Journalist Ranjeni Munusamy has lamented that the “baseless” allegations made against her at the state capture commission of inquiry “abruptly halted” her life.
In an article published on spotlight.africa on Monday, Munusamy compared her situation to that of former Finance Minister Nhlanhla Nene, who she said was also caught in the inquiry’s “crossfire.”
She wrote, “There is a possibility that I might end as a mere footnote in the great state capture saga, as the allegations against me may be considered peripheral to the inquiry’s core business.”
Crime Intelligence slush fund
Munusamy added, “The false accusations against me feel, however, like a face tattoo – hideous and defining – and threaten to recast who, and what, I really am.”
Col Dhananjaya Naidoo, a former Crime Intelligence official who turned state witness, told the inquiry in September last year that Munusamy had benefitted from a Crime Intelligence slush fund.
He alleged that about R40,000 was used to service Munusamy’s BMW convertible in 2008. Naidoo is currently in witness protection.
A Hawks investigator, Col Kobus Roelofse, also testified that R143,621.78 from the same slush fund was allegedly paid to Wesbank Vehicle Finance to settle a car in Munusamy’s name.
Zondo grants approval to cross-examine
The Tiso Black Star journalist denied the allegations but was placed on special leave. In her article on Monday, she said the inquiry’s chairperson, Deputy Chief Justice Raymond Zondo, has now granted her application to testify and cross-examine “one of my accusers.”
She said “sometime between 2008 and 2009,” she called the police to “inspect” her car after all four tyres were deflated at a shopping centre, suggesting she did so because of security concerns.
Munusamy explained, “Naidoo seemed not to know that my car was sent to the police to be inspected and made the ridiculous conclusion that I handed it over to be repaired, serviced and four new tyres fitted.”
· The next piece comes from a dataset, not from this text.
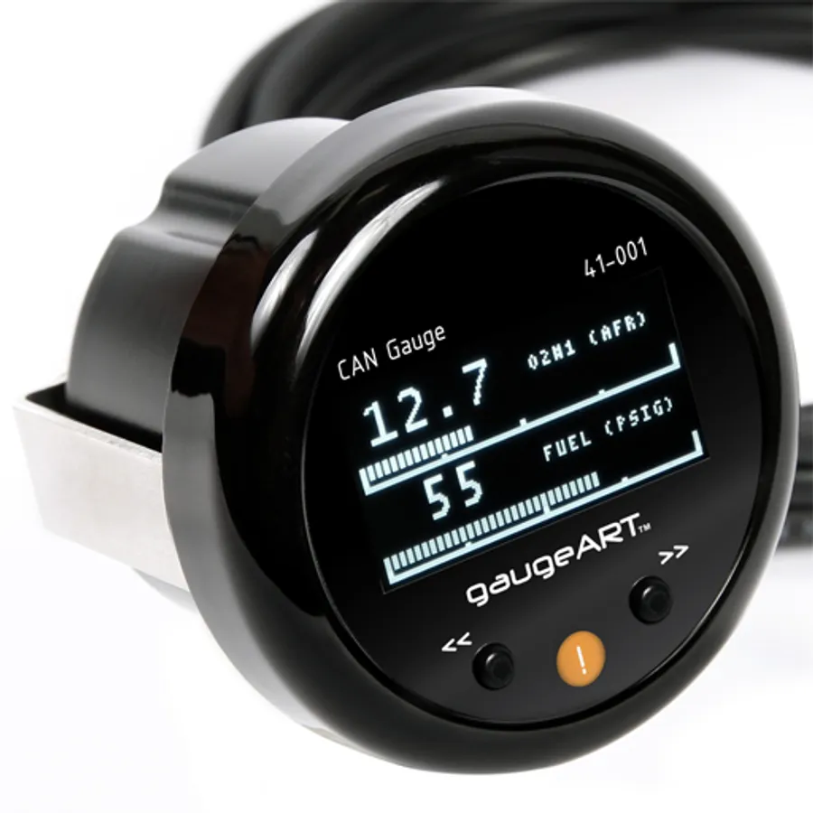 The gaugeART CAN Gauge is an innovative compact OLED gauge for displaying real-time data from your engine management system. Supported parameters such as boost pressure, air/fuel ratio, coolant temperature, fuel pressure, ethanol content, etc. can be displayed without additional sensors.

She said she wasn’t working as a journalist at the time and only resumed in 2012, adding, “Naidoo jumped to another bizarre conclusion that the incident was reflective of a scheme to bribe journalists.”
She claimed Naidoo did not disclose what she had done in exchange for the alleged benefits. “In my case, the accusers have not produced evidence of any quid pro quo,” she wrote.
Munusamy implied that her reputation may remain tarnished until the inquiry completes its work and clears her name.
“It is my wish that the arbiter, in this context Judge Zondo, declares my innocence, not just pronounce the obvious – that our society is deeply corrupted and that the state was captured,” she concluded.